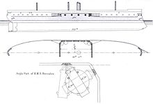 She was designed by Sir Edward Reed, and was in all significant factors an enlarged version of his earlier creation HMS Bellerophon with thicker armour and heavier guns. She had a pointed ram where previous ships had sported a rounded one; she was built with a forecastle, but had no poop until fitted with one as preparation for her role as Flagship, Mediterranean Fleet. She carried a balanced rudder, which reduced the physical effort of turning the wheel. Steam-powered steering was installed in 1874.
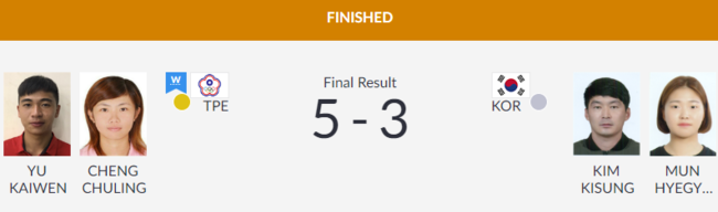 대만의 위 카이원-청추링 조는 4강과 결승에서 한국을 연이어 격파하며 금메달을 목에 걸었다. 한국은 앞서 2002년 부산 아시안게임에서 혼합복식이 도입된 이후 4연속 우승을 차지한 바 있다.
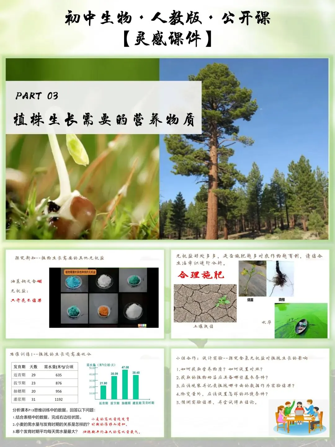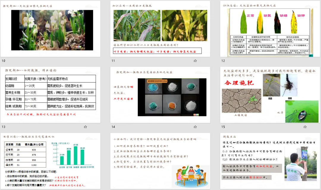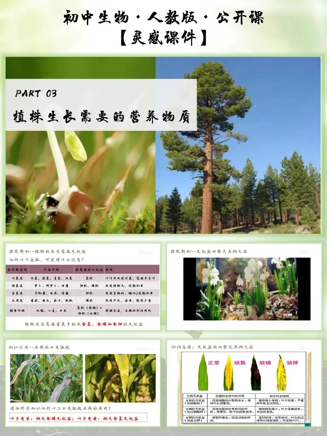 植物需要的无机盐种类多、功能杂,学生容易记混,课件用 “表格梳理 + 实例对应” 的方式,让知识清晰易懂:
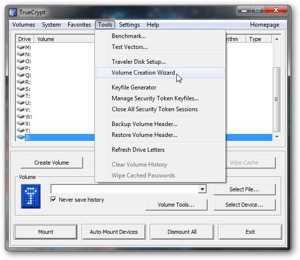 En el menú Herramientas, seleccione Asistente de creación de volumen.
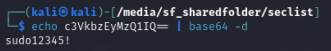 Загружаем файл в Wireshark и, т. к. есть исходные данные в виде /etc/sudoers, то ставим фильтр frame contains<</etc/sudoers". Появляются два результата, кликаем на любой ПКМ — follow — TCP Stream и видим команды, которые отправлялись на целевую машину. Наблюдаем команду
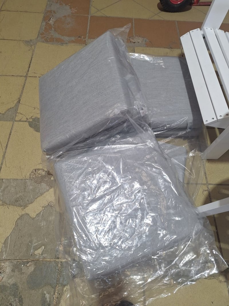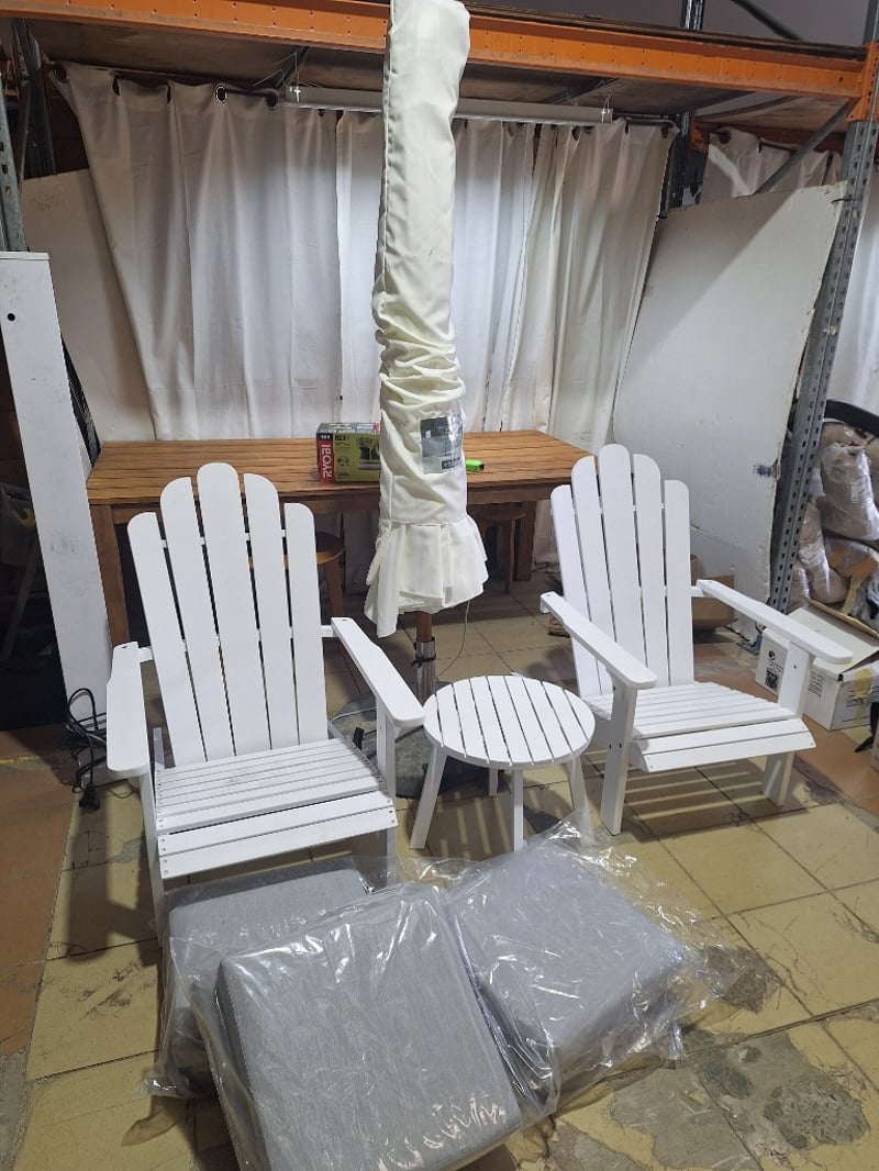 Set Of Outdoor Chairs & Matching Side Table, Beach Umbrella & Cushions SOLD AS LOT
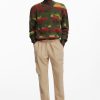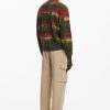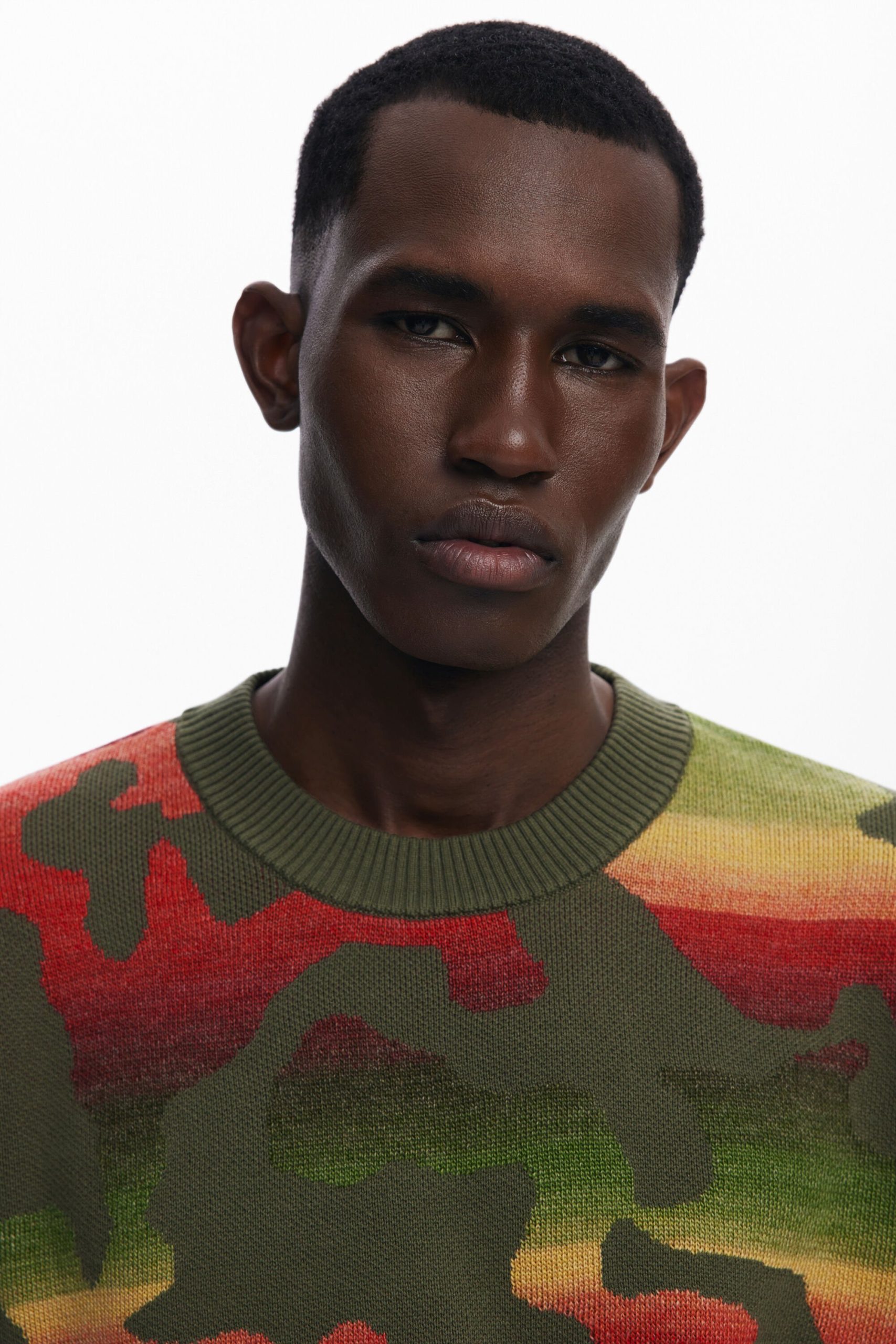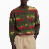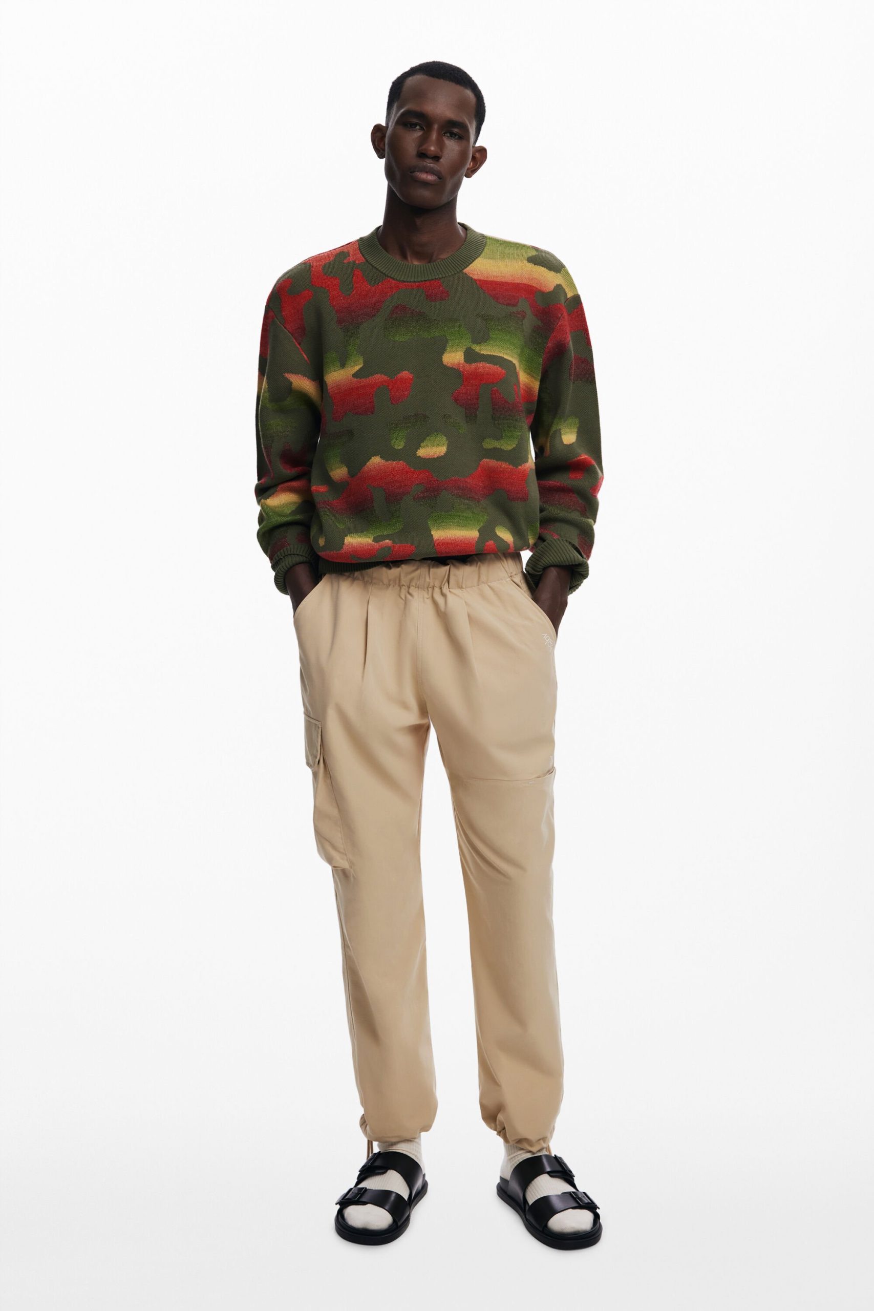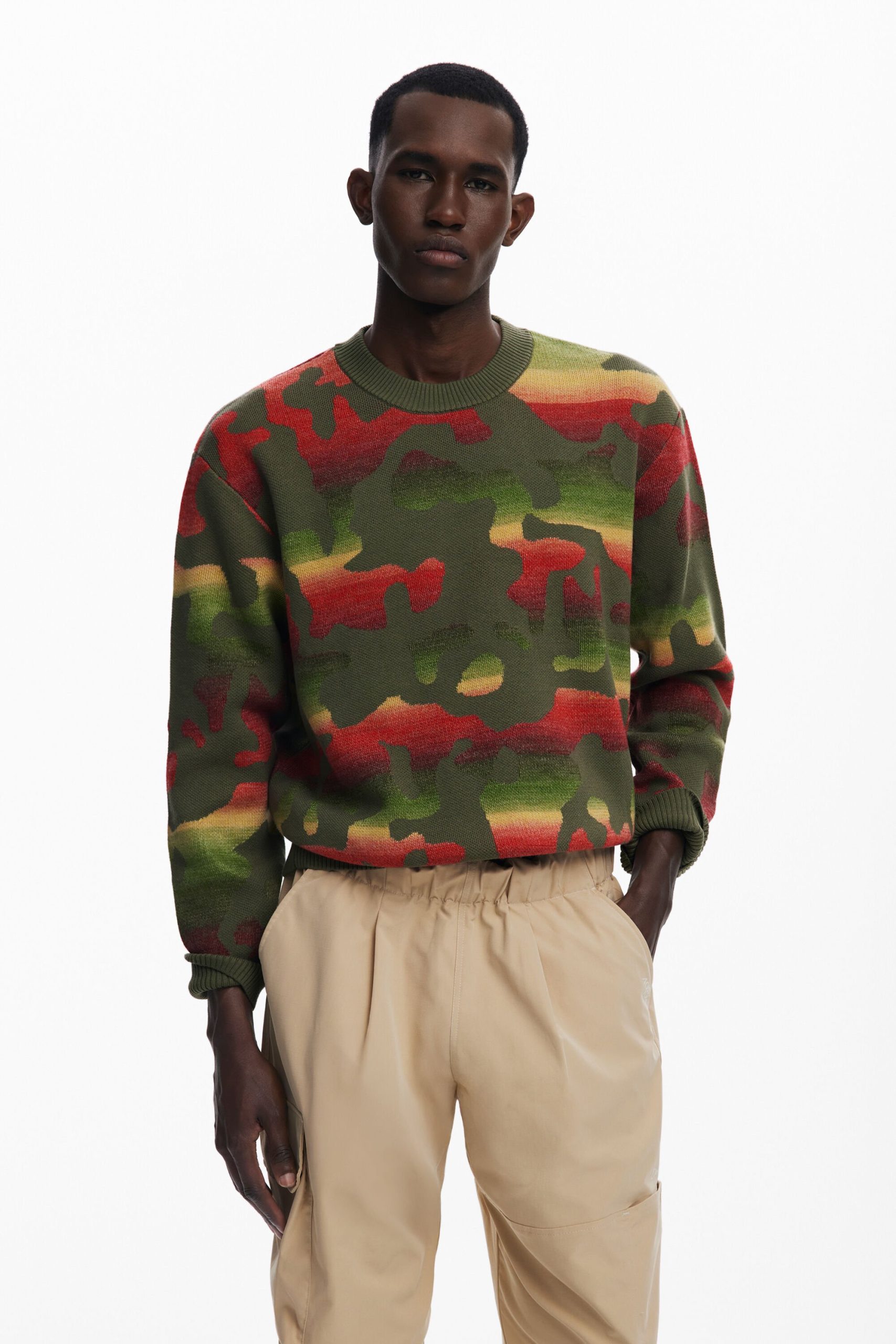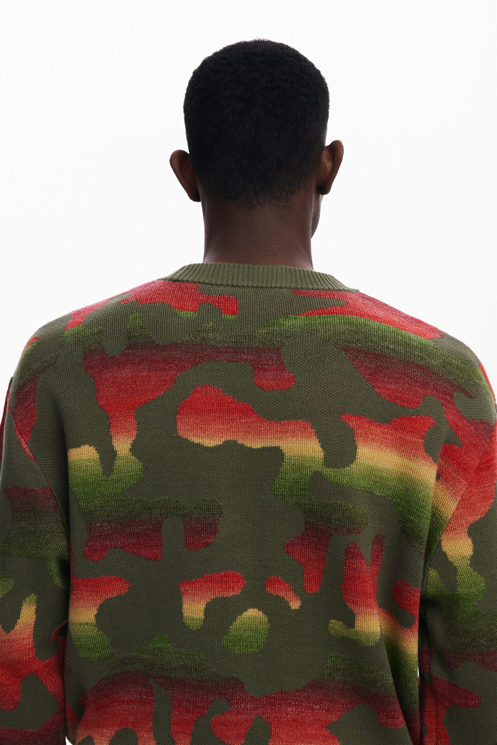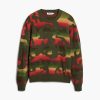 Thick long-sleeve sweater with an animal print design over a gradient of stripes in different colors.

### Exercise:
Retype all the records exactly and keep out every picture.

### Solution below:
 She was designed by Sir Edward Reed, and was in all significant factors an enlarged version of his earlier creation HMS Bellerophon with thicker armour and heavier guns. She had a pointed ram where previous ships had sported a rounded one; she was built with a forecastle, but had no poop until fitted with one as preparation for her role as Flagship, Mediterranean Fleet. She carried a balanced rudder, which reduced the physical effort of turning the wheel. Steam-powered steering was installed in 1874.
 대만의 위 카이원-청추링 조는 4강과 결승에서 한국을 연이어 격파하며 금메달을 목에 걸었다. 한국은 앞서 2002년 부산 아시안게임에서 혼합복식이 도입된 이후 4연속 우승을 차지한 바 있다.
 植物需要的无机盐种类多、功能杂,学生容易记混,课件用 “表格梳理 + 实例对应” 的方式,让知识清晰易懂:
 En el menú Herramientas, seleccione Asistente de creación de volumen.
 Загружаем файл в Wireshark и, т. к. есть исходные данные в виде /etc/sudoers, то ставим фильтр frame contains<</etc/sudoers". Появляются два результата, кликаем на любой ПКМ — follow — TCP Stream и видим команды, которые отправлялись на целевую машину. Наблюдаем команду
 Set Of Outdoor Chairs & Matching Side Table, Beach Umbrella & Cushions SOLD AS LOT
 Thick long-sleeve sweater with an animal print design over a gradient of stripes in different colors.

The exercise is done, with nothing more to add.